BANGKOK -- Geopolitical risk comes in many forms. While investors are keeping a wary eye on political divisions in the U.S., the trade war between Beijing and Washington, and rising populism in Europe, Southeast Asian markets are facing their own unique headwinds.
From protectionism to inflation, we break down the risk factors facing each country, as well as the performance of its local stock index this year (calculated as of Oct. 26) for an idea where each market stands.
High inflation is putting pressure on the central bank to keep raising interest rates. In September the bank hiked its benchmark rate for the fourth time in five months to a seven-year high of 4.5%. Rising prices also seem to be taking their toll on President Rodrigo Duterte's popularity. His diplomatic approach -- criticizing Europe and the U.S. while cozying up to China -- is stirring unease in the international community.
Duterte has criticized conglomerates as hurdles to structural economic reform, but his attitude appears to have softened recently. In July, he attended a birthday party for Philippine Airlines Chairman and CEO Lucio Tan, formerly a target of the president's ire. Duterte's potentially closer relationship to business and the possibility of more inward-looking economic policies could deter foreign investment into the Philippines.

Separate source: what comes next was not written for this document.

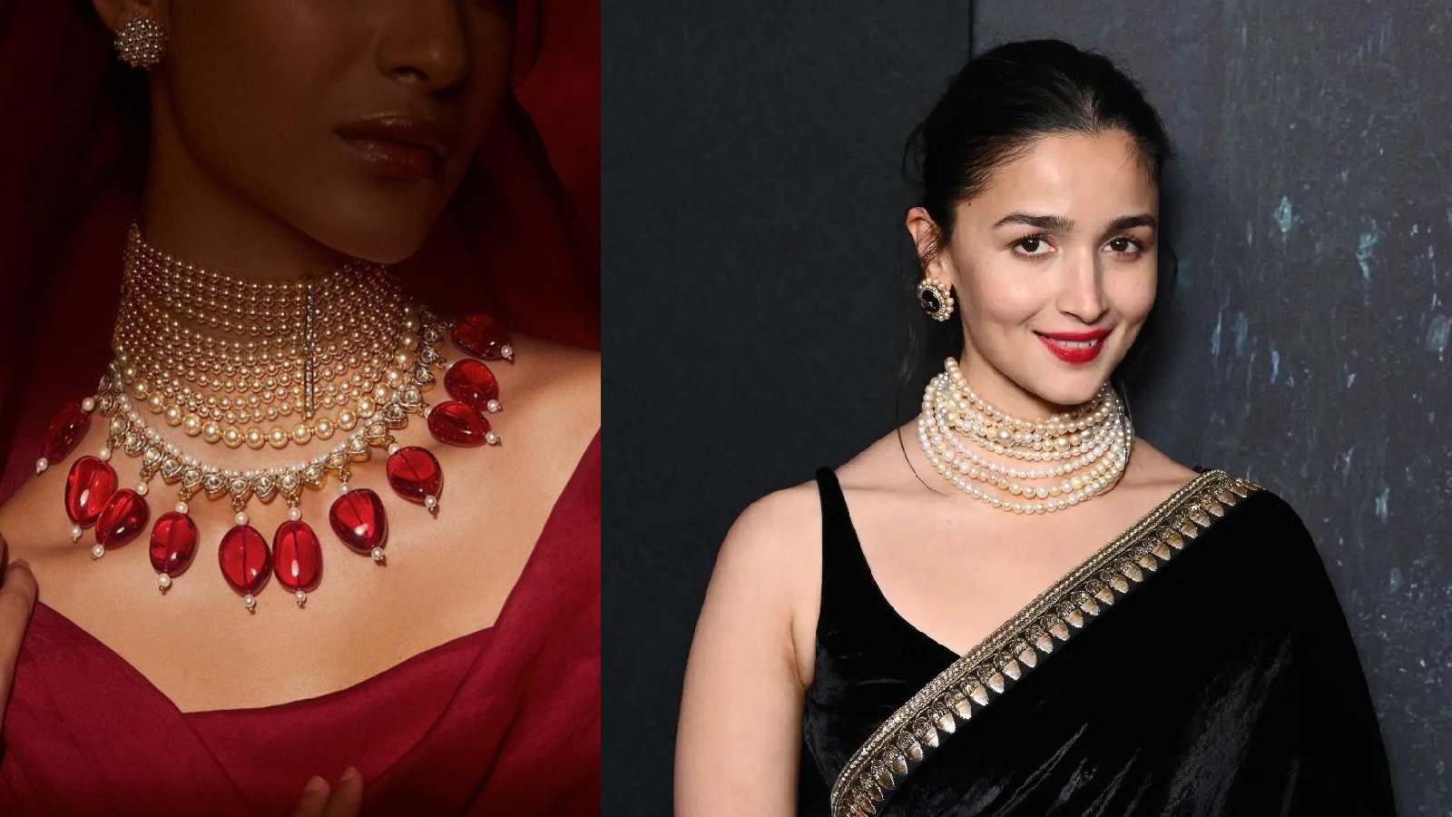 पर्ल जूलरी का सॉफ्ट और क्लासी लुक ब्लैक और रेड साड़ी के साथ बेहद खूबसूरत लगता है। खासतौर पर अगर आप मिनिमल स्टाइल पसंद करती हैं, तो पर्ल नेकलेस या स्टड्स एक परफेक्ट ऑप्शन हैं। यह लुक ऑफिस पार्टी या डे इवेंट्स के लिए काफी सटल और एलीगेंट लगता है।

President Joko Widodo has an early lead in the presidential election slated for April 2019, but a corruption scandal involving one of his cabinet members -- Idrus Marham, then-social affairs minister, was named as a suspect in a bribery investigation in August -- could weigh on his chances. The fall of the rupiah and slowing growth may hurt his popularity as well. According to Andy Ferdinand, director of Samuel Securities, the president faces a dilemma. "Raising domestic crude oil prices by reducing fuel subsidies is an effective means for deterring the fall of rupiah. But it would be an unpopular policy that leads to an increase in inflation and burden on the people."
The leadership in this communist-ruled country has been promoting free trade and actively seeking foreign capital in recent years, efforts that international investors have welcomed. But here, too, signs of protectionism have started to emerge, for example in the auto industry. Earlier this year, the government raised the safety certification requirements for imported vehicles, a move that disrupted shipments to the country. In another red flag for foreign investors, JXTG Nippon Oil & Energy's plans to construct a refinery in Vietnam were thrown into disarray recently when its local partner pulled out of the project.
More than four years after the coup, the military junta remains in power. A general election is expected next year, but the exact timing is yet to be decided, and the poll has already been pushed back several times. But despite the rapidly growing political uncertainty, there is little sense of a crisis in the country, as the baht remains more stable than other Southeast Asian currencies. The country's growth rate, however, is relatively low compared to fellow members of the Association of Southeast Asian Nations, adding weight to the argument that Thailand has fallen into the "middle-income trap."
Former Prime Minister Thaksin Shinawatra, now living in exile, still has a strong influence among voters, mainly in rural areas. Sources in the country, including an economist for a U.S. investment bank, warn that tensions between his supporters and the military regime are quietly growing.
A wave of optimism accompanied the return of 93-year-old Prime Minister Mahathir Mohamad to power after the May 9 election. But although the economy is doing well, that is largely due to temporary factors, such as the abolition of the goods and services tax. Yuta Tsukada, deputy chief researcher at the Japan Research Institute, said, "The realization of [structural reform] requires a lot of pain for the people, and the power of Prime Minister Mahathir, who once guided Malaysia to a high growth with strong leadership, will be tested." An important issue in the near future will be ensuring policy consistency between the governments of Mahathir and Anwar Ibrahim, the man widely expected to succeed him as prime minister.